Para Costa Rica el argumento tiene un filo particular. El colón se ha apreciado en términos reales por razones estructurales —el peso creciente de los servicios y de la manufactura de alta tecnología en la cuenta corriente, la inversión extranjera, el ahorro externo— y no hay evidencia de un desalineamiento que el Banco Central deba o pueda corregir.

En ese contexto, los exportadores tradicionales, el turismo y la agricultura llevan años pidiendo un tipo de cambio que la economía no les va a dar. La devaluación fiscal es el único instrumento de política que puede aliviarles el costo sin manipular el mercado cambiario ni sacrificar la estabilidad de precios, con dos advertencias: su efecto es transitorio —se diluye a medida que los salarios se ajustan a los precios más altos— y podría verse compensado en parte si el propio abaratamiento del trabajo atrae más capital y aprecia aún más la moneda. Nada de eso lo invalida; lo pone en su justa dimensión: una ganancia de competitividad de una vez, no un sustituto permanente de la productividad.

La reforma no está exenta de dificultades y sería deshonesto ocultarlas. Debe ser neutral en recaudación —con una deuda gubernamental superior al 60% del PIB y una consolidación fiscal agotada se trata de cambiar la mezcla tributaria, no de reducirla, y el reemplazo natural está en la base del IVA, cuyas exenciones cuestan cerca de 2% del PIB según las estimaciones de Hacienda y, además, su tasa es baja para los estándares internacionales, en un impuesto a la propiedad que recauda un tercio de lo que recaudan nuestros pares y en impuestos sobre los ingresos de origen salarial que tienen un elevado monto exento—.

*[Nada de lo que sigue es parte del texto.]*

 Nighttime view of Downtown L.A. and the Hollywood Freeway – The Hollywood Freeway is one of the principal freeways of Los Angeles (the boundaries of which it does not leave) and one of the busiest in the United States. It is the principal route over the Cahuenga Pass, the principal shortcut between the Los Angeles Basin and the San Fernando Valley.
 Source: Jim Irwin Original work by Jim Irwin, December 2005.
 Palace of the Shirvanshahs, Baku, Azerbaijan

Debe respetar el artículo 73 constitucional, que exige financiamiento tripartito de los seguros sociales pero no fija proporciones, lo que hace más sencillo trasladar los parafiscales, que son creaciones legales, que reponderar el seguro de salud, esto último requeriría una reforma constitucional si implicara suprimir la contribución de alguna de las partes —el artículo fija las fuentes, no las proporciones, de modo que elevar la cuota estatal y reducir la patronal es defendible sin reformarlo—, algo que parece complicado pero que quizás un buen diseño de política pública y el convencimiento de la necesidad de los cambios logre un acuerdo político y de grupos de interés amplio en torno a él.

Y debe blindarse contra la costumbre del Estado de no pagar lo que debe a la Caja y a Fodesaf: sin una fuente automática, como una participación fija en el IVA con giro directo, el financiamiento presupuestario sería frágil.

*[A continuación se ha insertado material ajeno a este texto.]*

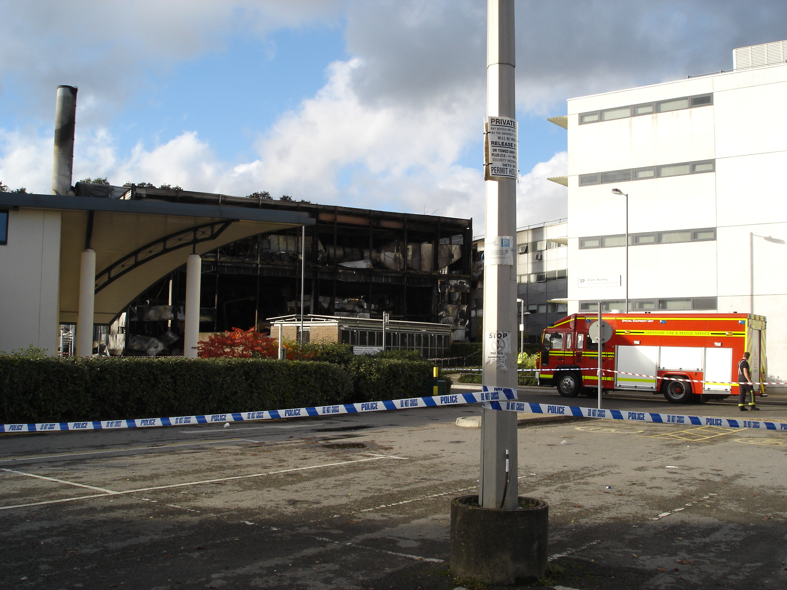 Fire damage done to the Mountbatten Building at the University of Southampton in Southampton, UK.
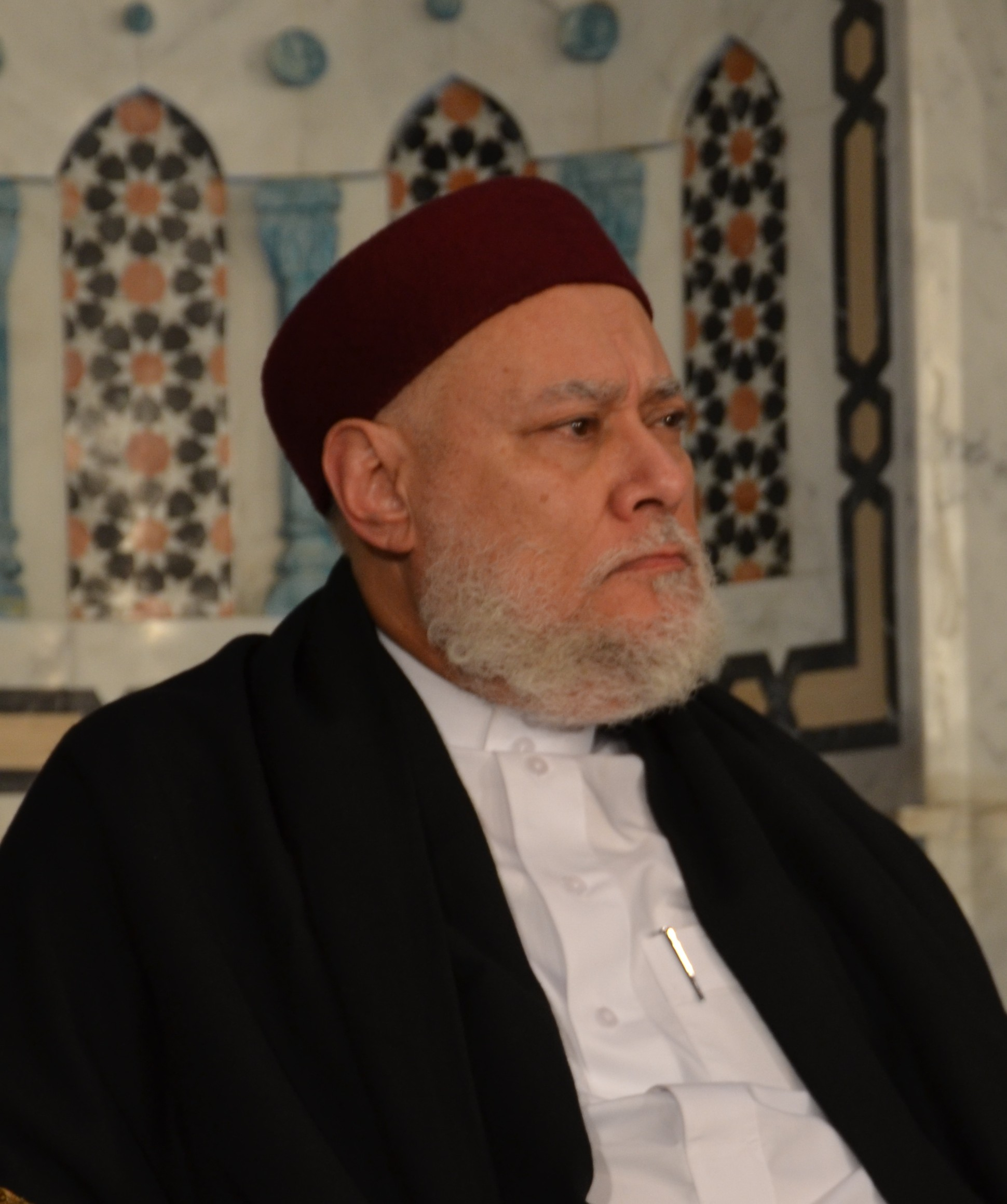 Dr. Ali Gomaa

Ninguna de esas dificultades es menor; pero todas son discutibles con números, que es más de lo que puede decirse de un debate sobre jornadas que lleva dos años sin uno solo.

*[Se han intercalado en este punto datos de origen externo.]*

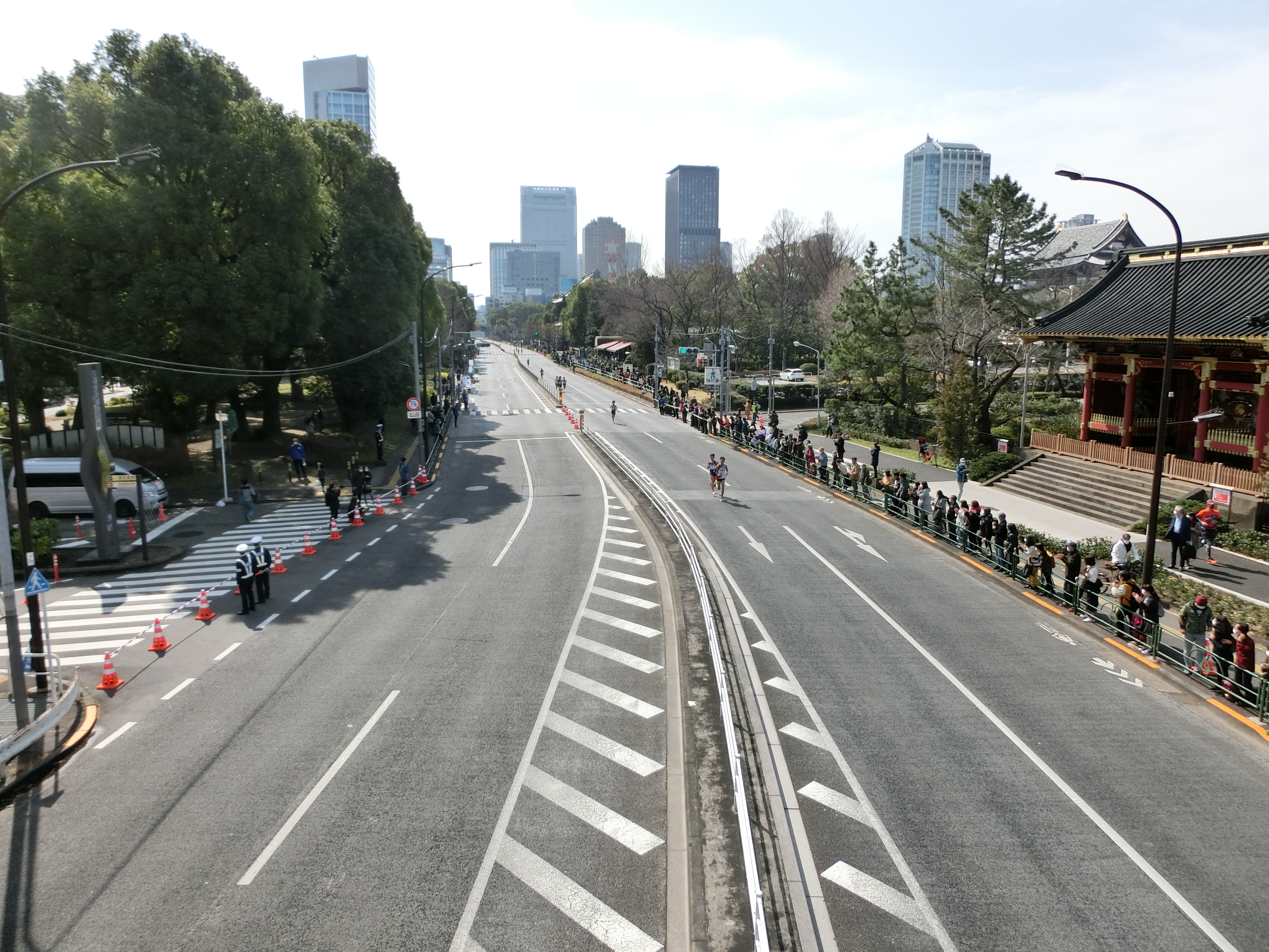 Tokyo Marathon 2020 (Hibiya-dori)

La política del espectáculo

Termina éste siendo un proyecto en el que su aprobación importa más que sus efectos. En una política de polarización, con grupos de interés incapaces de ponerse en el lugar del otro, lo que cuenta es el éxito legislativo, aunque la reforma resulte intrascendente para la economía y costosa para algunos trabajadores.

Para el Ejecutivo, aprobarla se ha convertido en una prueba de fuego frente a los sectores empresariales que lo respaldan, en un momento en que escasean los logros que mostrar; para la oposición, bloquearla ha sido la manera más barata de demostrar que existe. Entre unos y otros se han consumido cinco mil votaciones, meses de sesiones y un capital político que no volverá.

La ironía es que la reforma que sí movería el empleo formal —trasladar al presupuesto lo que hoy se cobra sobre la nómina sin ser un seguro— es más simple de redactar, tiene precedente regional, cuenta con el aval de la OCDE y beneficiaría a toda la economía y no a unos pocos sectores. Pero exige hablar de impuestos. Y en tiempos de política de espectáculo es más rentable votar cinco mil mociones que decir una verdad.